As used herein, “exogenous domain” refers to a protein domain found in a protein that is not among the proteins encoded by members of a specific gene family.

As used herein, “native protein” refers to a protein consisting of domains that are normally found together in nature.

As used herein, “heterologous domains” refers to protein domains that do not exist together in nature.

As used herein, “protein” is a polypeptide chain of any size (two or more amino acids lined by a peptide bond.

As used herein, “peptide bond” is the covalent bond between a carbon of one amino acid and the nitrogen of another amino acid where that carbon is referred to in the scientific literature as the Beta carbon and the nitrogen is referred to as the primary nitrogen or N1.

As used herein, “primary structure” means the amino acid sequence of the polypeptide chain in the order they are bound together by peptide bonds.

As used herein, “secondary structure” means the three dimensional shape of a polypeptide chain defined by the angle of carbon and nitrogen backbone of the polypeptide

As used herein, “tertiary structure” means the three dimensional shape of a collection of secondary structures associated together in a single unit or a fold.

As used herein, “domain”, “protein domain”, or “fold” means discrete collections of secondary structures that assume a particular overall shape or tertiary structure.

As used herein, “quaternary structure” means the arrangement and shape of multiple folds either of the same tertiary structure or combinations of multiple tertiary structures.

As used herein, “homologous structural domains” means two or more regions of defined shape and size largely composed of secondary structures that assume an overall similar shape and size. The primary sequence of homologous structural domains are not necessary similar.

As used herein, “protein complex” or “protein pathway” means a collection of proteins that either work together to produce a particular product. This complex or pathway may be composed of multiple homologous and heterologous tertiary and quaternary structures.

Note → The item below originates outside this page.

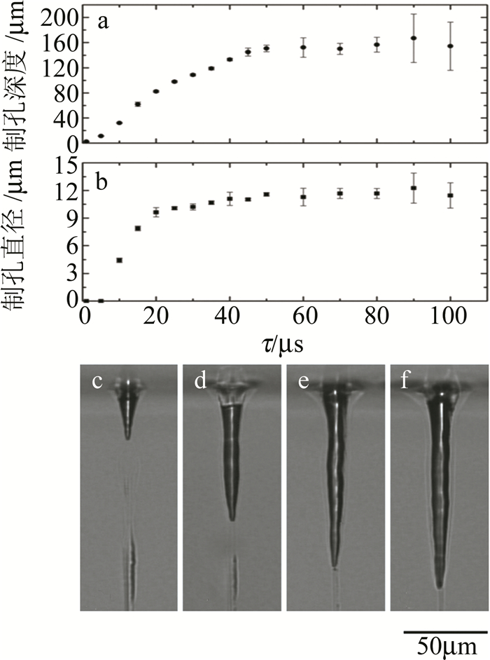針對激光打孔過程中玻璃崩邊及裂紋現象嚴重,高深徑比微孔加工難度大的瓶頸問題,許多學者提出了改進的打孔方法。為了減少微孔加工時裂紋的產生,KONO等人將二氧化鈰粉末和水的混合物涂覆到玻璃材料的表面后,晾干制成30μm的吸收層,之后再用波長為355nm的納秒激光器進行微孔加工,成功在硼硅玻璃和石英玻璃上分別加工出深徑比12以上的微孔,通過對照試驗還發現該方法可以大大減少裂紋的產生,并在不影響加工質量的前提下提高加工速度(XY工作臺進給速率高達100μm/s)。針對飛秒激光打孔制孔速度低、制孔時易產生損傷的問題,ITO等人[19]將波長為780nm的飛秒激光器與波長為1070nm的光纖激光器相結合,如圖 8a所示,加工時首先使用飛秒激光在玻璃基板上加工出高寬深比的細線,之后將光纖激光輻照到細線上逐步獲得所需的微孔(其中在飛秒激光輻照后的光纖激光輻照時間定義為時間延遲τ,如圖 8b所示), 研究發現, 飛秒激光產生的細線會選擇性地吸收光纖激光脈沖利用熱效應去除材料,可以有效地避免直接飛秒激光加工過程產生的強應力波對材料的損傷,制孔的直徑和深度與τ有關,如圖 9所示。試驗結果表明,該方法在40μs內加工出了直徑為10μm、深度達133μm的微孔,制孔速度只采用飛秒激光加工的5000倍以上, 且能有效地抑制裂紋的產生。為了解決傳統打孔由上至下的加工方式制孔時出現的坡度效應(制孔開口表現出入口大出口小的特征),WANG等人[20]提出在加工透明材料時,嘗試采用由下至上的打孔方式代替常規的由上至下方式,將激光透過材料聚焦于材料的下表面,由底部開始一層層地將材料向上去除, 試驗中分別采用波長為532nm的納秒激光、波長為1064nm的皮秒激光及波長為515nm的飛秒激光在康寧大猩猩玻璃上加工孔徑為100μm~120μm、深度為200μm~900μm的微孔, 試驗結果表明,在采用由下至上的加工方式時,脈寬區間不存在死亡谷(自納秒開始,脈寬愈短,材料移除率愈低,在2ns~50ps之間移除率非常低),脈寬為2ns~50ps的激光切割效率高于超快激光,能夠實現零錐度鉆孔且玻璃的崩邊尺寸小于50μm。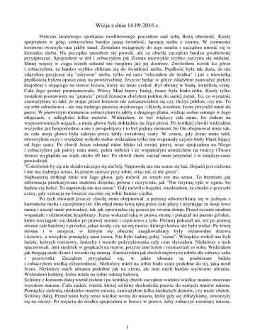 Wizja z dnia 14.09.2016 r. Podczas środowego spotkania modlitewnego poczułem nad sobą Bożą obecność. Kiedy spojrzałem w górę, zobaczyłem bardzo jasną światłość, łączącą niebo z ziemią. W ciemności kosmosu tworzyła ona jakby tunel. Zostałem wciągnięty do tego tunelu i zacząłem unosić się w kierunku nieba. Na początku unosiłem się powoli, ale za chwilę zacząłem bardzo gwałtownie przyśpieszać. Spojrzałem w dół i zobaczyłem jak Ziemia niezwykle szybko zaczyna się oddalać. Mniej więcej w ciągu trzech sekund nie mogłem już jej dostrzec. Zwróciłem wzrok ku górze i zobaczyłem, że bardzo szybko zbliżam się do światłości nieba. Prędkość była tak duża, że nie zdążyłem przyjrzeć się "zarysom" nieba, tylko od razu "wleciałem do środka" i już z niewielką prędkością byłem opuszczany na powierzchnię. Jeszcze będąc w górze zdążyłem zauważyć piękny krajobraz i stojącego na trawie Jezusa, który na mnie czekał. Był ubrany w białą, świetlistą szatę. Cała Jego postać promieniowała. Włosy Miał barwy białej, twarz była biało-żółta. Kiedy tylko zostałem postawiony na "gruncie" przed Jezusem złożyłem pokłon do samej ziemi. To, co wyraźnie zauważyłem, to fakt, że stojąc przed Jezusem nie zastanawiałem się czy złożyć pokłon, czy nie. To się robi odruchowo - nie ma żadnego procesu myślowego :) Kiedy wstałem, Jezus przytulił mnie do piersi. W pierwszym momencie zobaczyłem to jakby z drugiego planu, widząc siebie samego w Jego objęciach, z odległości kilku metrów. Widziałem, że był większy ode mnie, bo stałem na wyprostowanych nogach, a moja głowa była dokładnie na Jego piersi. Po krótkiej chwili widziałem wszystko już bezpośrednio a nie z perspektywy i to był piękny moment, bo On obejmował mnie tak, że cała moja głowa była zakryta przez fałdy świetlistej szaty. W czasie, gdy Jezus mnie tulił, otworzyłem oczy i wszędzie wokoło siebie widziałem tylko ten wspaniały czysto-biały blask bijący od Jego szaty. Po chwili Jezus odsunął mnie lekko od swojej piersi, więc spojrzałem na Niego i zobaczyłem jak patrzy nam mnie, pełen miłości i ze wspaniałym uśmiechem na twarzy (Twarz Jezusa wyglądała na wiek około 40 lat). Po chwili znów zaczął mnie przytulać i w międzyczasie powiedział: "Cokolwiek by się nie działo niczego się nie bój. Naprawdę nie ma sensu się bać. Bojaźń jest cielesna i nie ma żadnego sensu. Ja jestem zawsze przy tobie, więc nic ci nie grozi". Najbardziej dotknął mnie ton Jago głosu, gdy mówił, że strach nie ma sensu. To brzmiało jak informacja przekazywana małemu dziecku, pewna i oczywista, jak "Nie trzymaj ręki w ogniu, bo będzie cię boleć. To naprawdę nie ma sensu". Gdy mówił o bojaźni, wiedziałem, że chodzi o przyszłe czasy, gdy sytuacja na świecie zacznie się robić bardzo ciężka. Po tych słowach jeszcze chwilę mnie obejmował, a później odwróciliśmy się w jednym z kierunków nieba i zaczęliśmy iść. On objął mnie lewą ręką przez całe plecy i trzymając za moje lewe ramię i zaczął mnie prowadzić, tak jak oprowadza się gościa po swoim domu. Przed oczami miałem wspaniałe i różnorodne krajobrazy. Jezus wskazał ręką w prawą stronę i pokazał mi pasmo górskie, które rozciągało się daleko po prawej stronie i częściowo z tyłu. Później pokazał mi, też po prawej stronie (ale bardziej z przodu), jakąś wodę, czy raczej morze, którego końca nie było widać. Po lewej stronie i w miejscu, w którym się obecnie znajdowaliśmy były różnorodne drzewa i krzewy, a wszędzie pomiędzy nimi trawa. Nie było żadnej gołej "ziemi". Wszędzie wokół nas byli ludzie, których rozmowy, śmiechy i wesołe pokrzykiwania cały czas słyszałem. Niektórzy z nich spacerowali, inni siedzieli w grupkach na trawie, jeszcze inni leżeli i rozmawiali ze sobą. Widziałem jak biegają małe dzieci i wesoło się śmieją. Zauważyłem jak dwóch mężczyzn robiło dla zabawy salta i przewrotki. Zacząłem przyglądać się, w jakie ubrania są poubierani ludzie i zobaczyłem wielką różnorodność. Niektórzy mieli na sobie białe szaty podobne do tej, jaką nosił Jezus. Niektórzy mieli ubrania podobne jak na ziemi, ale inni mieli bardzo wytworne ubrania. Widziałem kobietę, która miała na sobie suknię balową. Szliśmy z Jezusem dalej wśród zieleni i po krótkiej chwili zacząłem widzieć wielkie miasto otoczone wysokim murem. Cała zieleń, wśród, której szliśmy dochodziła prawie do samych murów miasta. Pomiędzy zielenią, niedaleko murów miasta, zauważyłem kilka niedużych domów, czy może chatek. Szliśmy dalej. Przed nami były teraz wielkie wrota do miasta, które gdy się zbliżyliśmy, otworzyły się na oścież. Po wejściu do środka spojrzałem w lewo i w prawo, żeby zobaczyć rozmiary miasta, 1 ale nie mogłem dostrzec końca murów, bo tak wielkie było to miasto. Wewnątrz były bardzo różnorodne domy. Niektóre nie były zbyt duże i znajdowały się w niedalekiej odległości od siebie, inne, to były bardzo duże wille z rozległymi terenami wokół nich. Na tych "posesjach" było też coś, co przypominało baseny. Pomiędzy domami i "posesjami" prowadziły węższe i szersze drogi. Kiedy spojrzałem w dół, żeby przyjrzeć się drodze zobaczyłem, że jesteśmy na boso, a idziemy po mieniącym się szklanym złocie, które jakby poruszało się wewnątrz, tak jak faluje woda. Gdy szliśmy przez miasto Jezus prowadził mnie za rękę. Na początku poruszaliśmy się pieszo. Przy jednym z domów widziałem grupę około 35 osób. Jedna z osób siedziała na czymś, co przypominało stół, pozostali siedzieli na trawie i słuchali tego, co mówiła pierwsza osoba. Kilka z tych osób spojrzało się z uśmiechem w naszym kierunku, kiedy przechodziliśmy obok. Jezus w dalszym ciągu trzymał mnie za rękę, ale nagle zaczęliśmy się

As used herein, “organelle” means a collection of diverse proteins and other macromolecules that form together to complete a specific by complex function.

As used herein, “cell” means a collection of organelles and proteins that work together to form a tissue.

As used herein, “tissue” means a collection of cells that associate together to perform a more complex function that a single cell.

As used herein, “organ” means a collection of cells and differentiated tissues associating together to perform a highly complex task.

As used herein, “organism” means an individual cell, collection of cells, collection of tissues, and collection of organs functioning in a coordinated fashion.

As used herein, “population” means a collection of a number of organisms, organs, tissues cells pathways structures, or any collection of anything.

As used herein, the terms “mutation”, “alteration”, “modification” and “substitutions” mean any and all changes to the primary, secondary, tertiary, and quaternary structure of a protein driven by additions, deletions, multiplications, and re-assortments of amino acids, regions of secondary, tertiary and quaternary structure.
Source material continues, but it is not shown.